Most published math papers contain errors, and yet there have been surprisingly few “major screw-ups” as defined by Mark Dominus. Daniel Lemire’s post quotes Doron Zeilberger on why these frequent errors are often benign.
Most mathematical papers are leaves in the web of knowledge, that no one reads, or will ever use to prove something else. The results that are used again and again are mostly lemmas, that while a priori non-trivial, once known, their proof is transparent. (Zeilberger’s Opinion 91)
Those papers that are “branches” rather than “leaves” receive more scrutiny and are more likely to be correct.
Zeilberger says lemmas get reused more than theorems. This dovetails with Mandelbrot’s observation mentioned a few weeks ago.
Many creative minds overrate their most baroque works, and underrate the simple ones. When history reverses such judgments, prolific writers come to be best remembered as authors of “lemmas,” of propositions they had felt “too simple” in themselves and had to be published solely as preludes to forgotten theorems.
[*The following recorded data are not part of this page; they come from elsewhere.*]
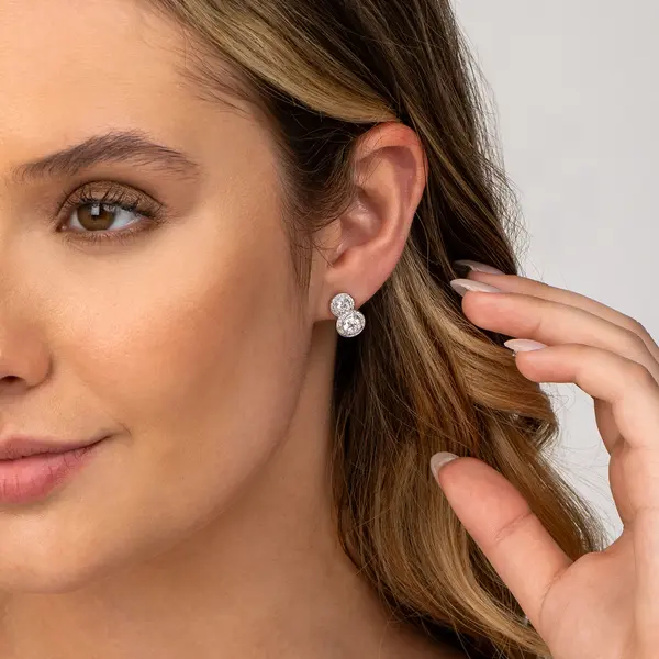 Brinco Prata Rodinada Clássico Duplo Cravejado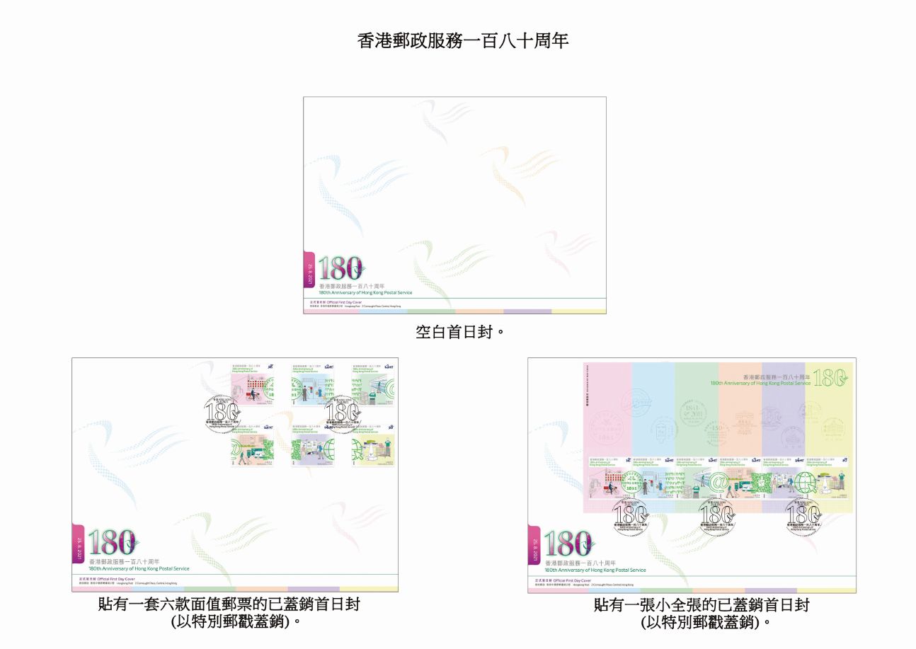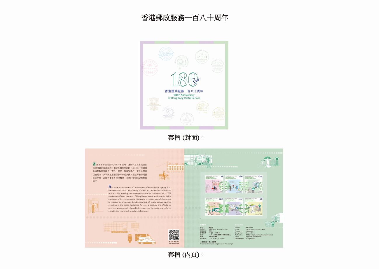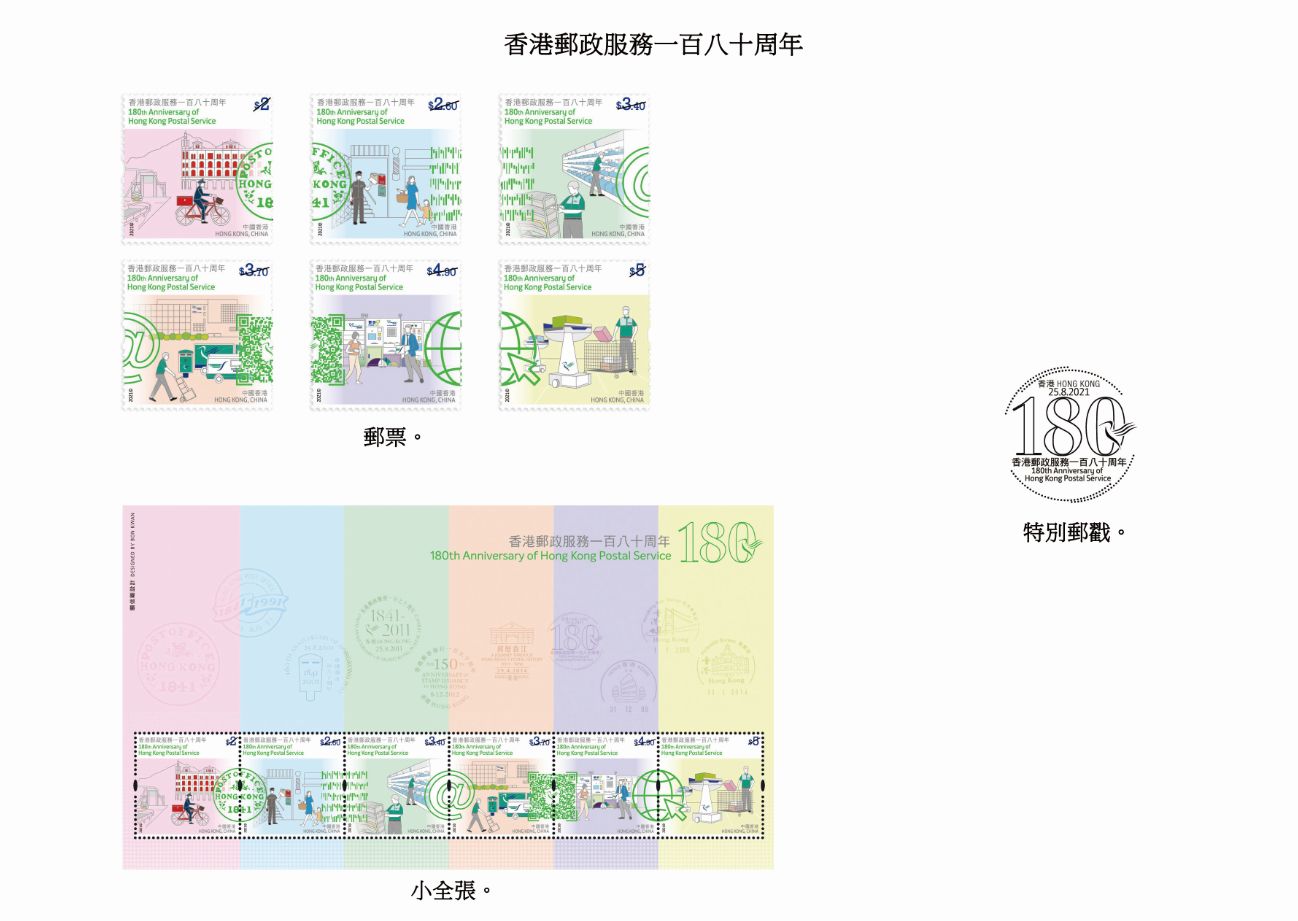 香港首間郵政局於1841年啓用,此後一直為市民提供快捷可靠的郵政服務。2021年適逢香港郵政服務踏入180周年,香港郵政將於8月25日發行以「香港郵政服務180周年」為題的紀念郵票及相關集郵品,以資紀念。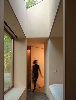 In plaats van ruimtes en kamers af te scheiden met vaste wanden, heeft Orange Architects een flexibele woonruimte bedacht, die is opgezet rond een meubelblok in het midden. Door opvouwbare en verplaatsbare elementen te gebruiken, kunnen bepaalde ruimtes desgewenst worden afgescheiden. Zo wordt de uitsparing voor het bed in het midden ’s nachts een comfortabele slaapkamer en worden de douche en wastafel tot een eigen badkamer.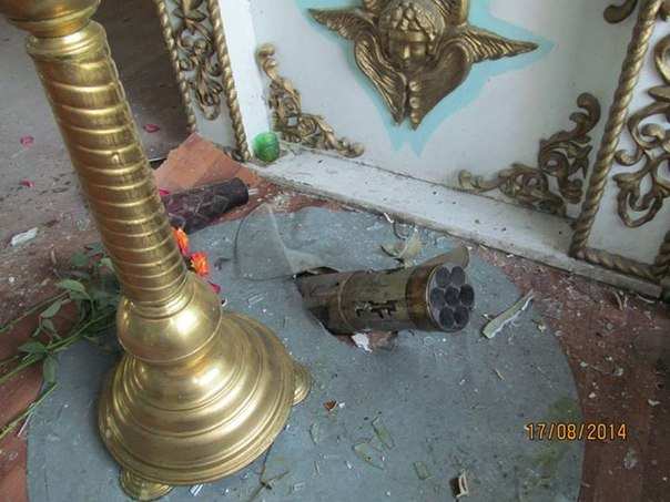 В ночь на 17 августа снаряд попал в единственный в поселке Свято-Петро-Павловский храм. К счастью, 1,5 метровый боеприпас не сработал, а только разбил окно, опрокинул вазу с цветами и вошел в пол у подножия иконы Господа Вседержителя. Впрочем, службу на следующий день здесь решили не проводить.

There are obvious analogies to software. Software that many people use has fewer bugs than software that few people use, just as theorems that people build on have fewer bugs than “leaves in the web of knowledge.” Useful subroutines and libraries are more likely to be reused than complete programs. And as Donald Knuth pointed out, re-editable code is better than black-box reusable code.
Everybody knows that software has bugs, but not everyone realizes how buggy theorems are. Bugs in software are more obvious because paper doesn’t abort. Proofs and programs are complementary forms of validation. Attempting to prove the correctness of an algorithm certainly reduces the chances of a bug, but proofs are fallible as well. Again quoting Knuth, he once said “Beware of bugs in the above code; I have only proved it correct, not tried it.” Not only can programs benefit from being more proof-like, proofs can benefit from being more program-like.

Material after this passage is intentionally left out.